• Job growth blew away estimates again
  • Robust details backed up the strong gain
  • Hours worked point to strong GDP
  • Wage growth stumbled again, adding to debate
  • Further BoC hikes possible on domestic, external drivers…
  • ...with future cuts overplayed
  • Eight plausible reasons for why job growth is so strong despite higher rates
 
  • Canadian jobs, m/m 000s SA / UR (%), January:
  • Actual: 150.0 / 5.0
  • Scotia: 15.0 / 4.9
  • Consensus: 15.0 / 5.0
  • Prior: 69.2 / 5.0

Apparently, pandemics are ultimately good for jobs. Who knew?!

Another smashing employment report added 150k more jobs to the economy which takes the tally to date up by 809k jobs compared to what existed before the pandemic.

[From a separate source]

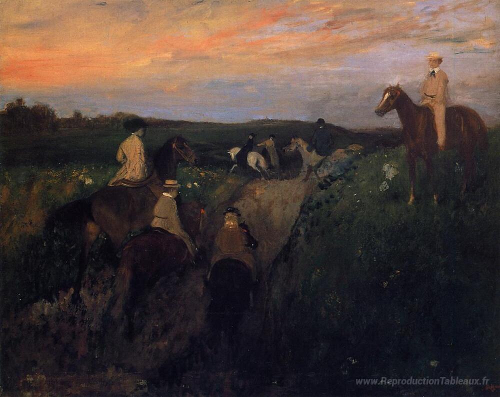 Nous vous proposons une reproduction artisanale sur toile du célèbre tableau 'La promenade à l'arrière-plan' de Edgar Degas, provenant du Musée de la Reproduction.

See charts 1 and 2. The labour force has expanded by 685k over this same period. 

Chart 1: Canadian Jobs Break Down; Chart 2: Canadian Jobs Recovery

Canada’s sovereign yield curve immediately cheapened across the board relative to Treasuries and the Canadian dollar stepped over the yen to become the day’s new class leader with a post-jobs appreciation of two-thirds of a cent to the USD.

In case anyone is tempted to dismiss the jobs number as noise, recall that the 95% confidence interval is about +/-57k. It would be highly improbable for this to have been a fake reading especially given a string of such readings.

BoC—APRIL IN PLAY

I wish the BoC would just stop giving forward guidance. Stop. Please. You’re no good at it. Your models can’t forecast inflation. Here’s another illustration of how the BoC should be taking steps one at a time, being more circumspect and taking in new information during unique times as it arrives on a meeting-by-meeting basis. There is greater risk to falling behind developments amid regime shift and not tightening enough to ensure that inflationary forces have been countered than there is in overtightening by not waiting for the full lagging effects of adjustments to date. The BoC may be faced with yet another credibility challenge via its ‘conditional’ pause that mainstreet heard as ‘done.’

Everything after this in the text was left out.